His view will by no means close the debate on the validity of antigen testing. Lee Gehrke, a microbiologist at the Massachusetts Institute of Technology who co-founded E25Bio, another company developing a coronavirus antigen assay, balks at comparisons of such tests’ accuracy with that of PCR. “The use of the test needs to be tailored to the setting,” he says. “In back-to-work, back-to-school settings, repeated, regular testing is going to be needed. If the testing is repeated, I believe the rapid [antigen] test will pick [the virus] up.”

Gehrke acknowledges that infected individuals can have viral proteins present at levels below the test’s limit of detection in the first few days of infection. He says those levels will increase as the infection progresses, however. “It’s possible that at the very left end of that bell curve, there’s a time that PCR can detect [the virus] but the rapid antigen test doesn’t,” Gehrke says. But if the goal of testing is to get people back to work, he adds, a test that has “less than perfect” sensitivity will be acceptable if it is also inexpensive.

Yang counters that antigen tests could find a place as a diagnostic tool, yet the results they provide may be unable to serve as a much needed early warning signal. “If your goal is to detect somebody that has a virus that may be more contagious [with a greater volume of the pathogen], then maybe that does make sense,” he says. But if the objective of a periodic antigen test is to detect people early in infection, “there will be less virus, and so sensitivity will be a big issue.”

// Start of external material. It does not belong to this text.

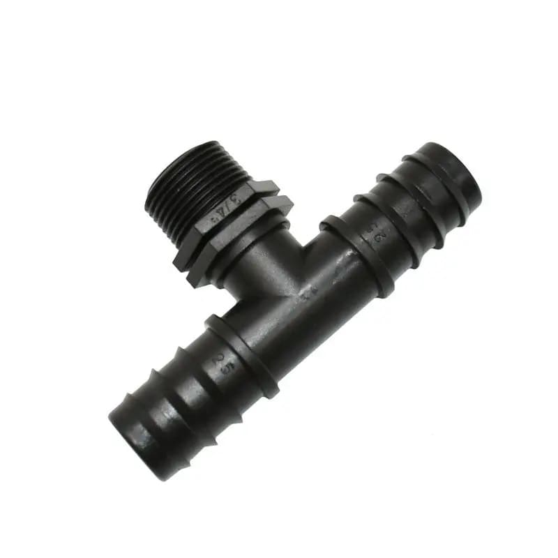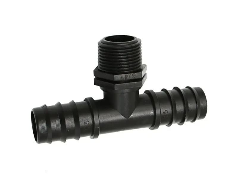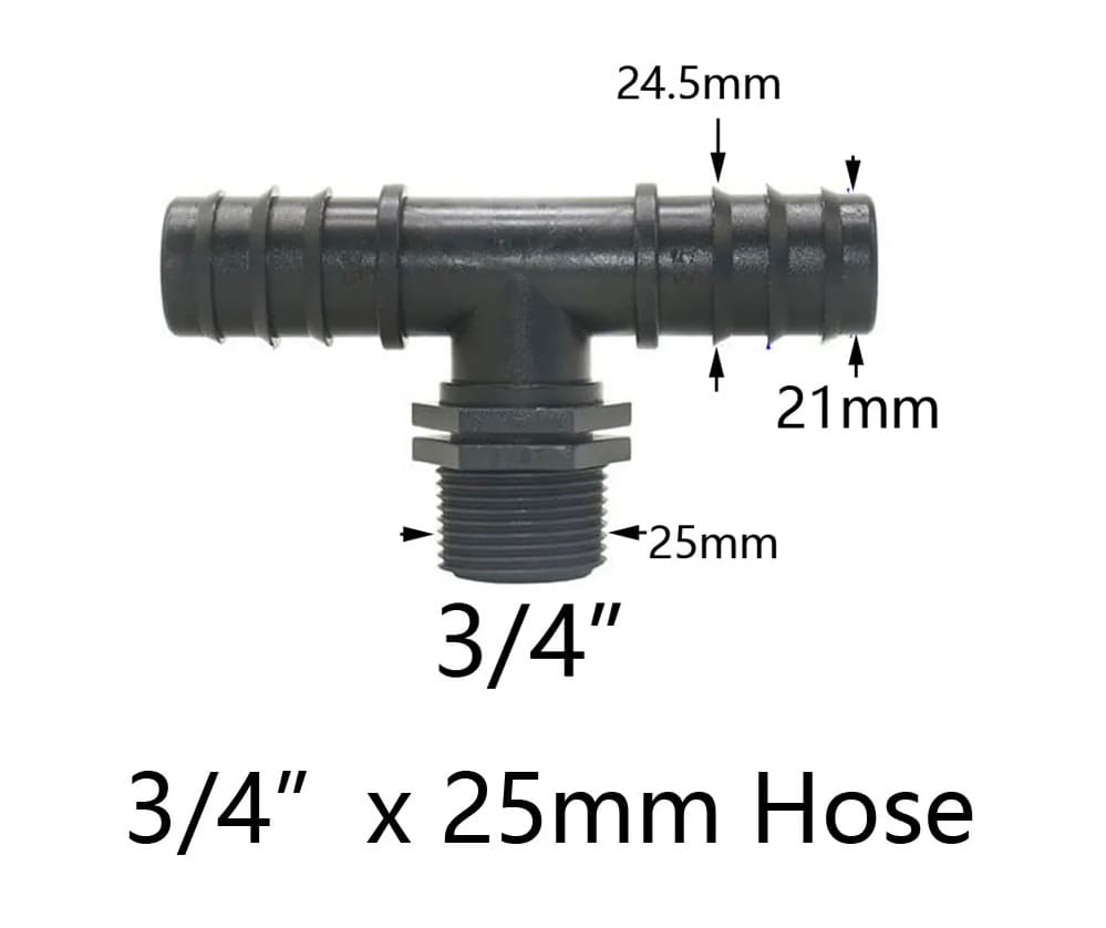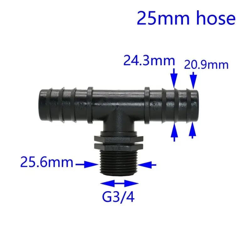 - 25mm-3/4 inch-25mm Tee Connector is suitable for 25mm drip irrigation pipe and 3/4” threaded pipe.

The acute need for this type of testing, however, will continue to provide momentum to this line of research. “Rapid tests are going to miss people who are sick, but they are still very valuable, because they take just a few minutes to test somebody,” says Gigi Gronvall, an immunologist at the Johns Hopkins Center for Health Security. “If we’re able to scale up PCR, that will give you a more accurate, sensitive result. But there is some value at the point of care to having a screen like this.”

Ultimately, these debates may be put to rest in a few years. “Getting testing broadly is clearly something that we need to contain the epidemic. But all of this is a stopgap,” says Karla Satchell, a microbiologist at the Northwestern University Feinberg School of Medicine. “What we really need is a vaccine.”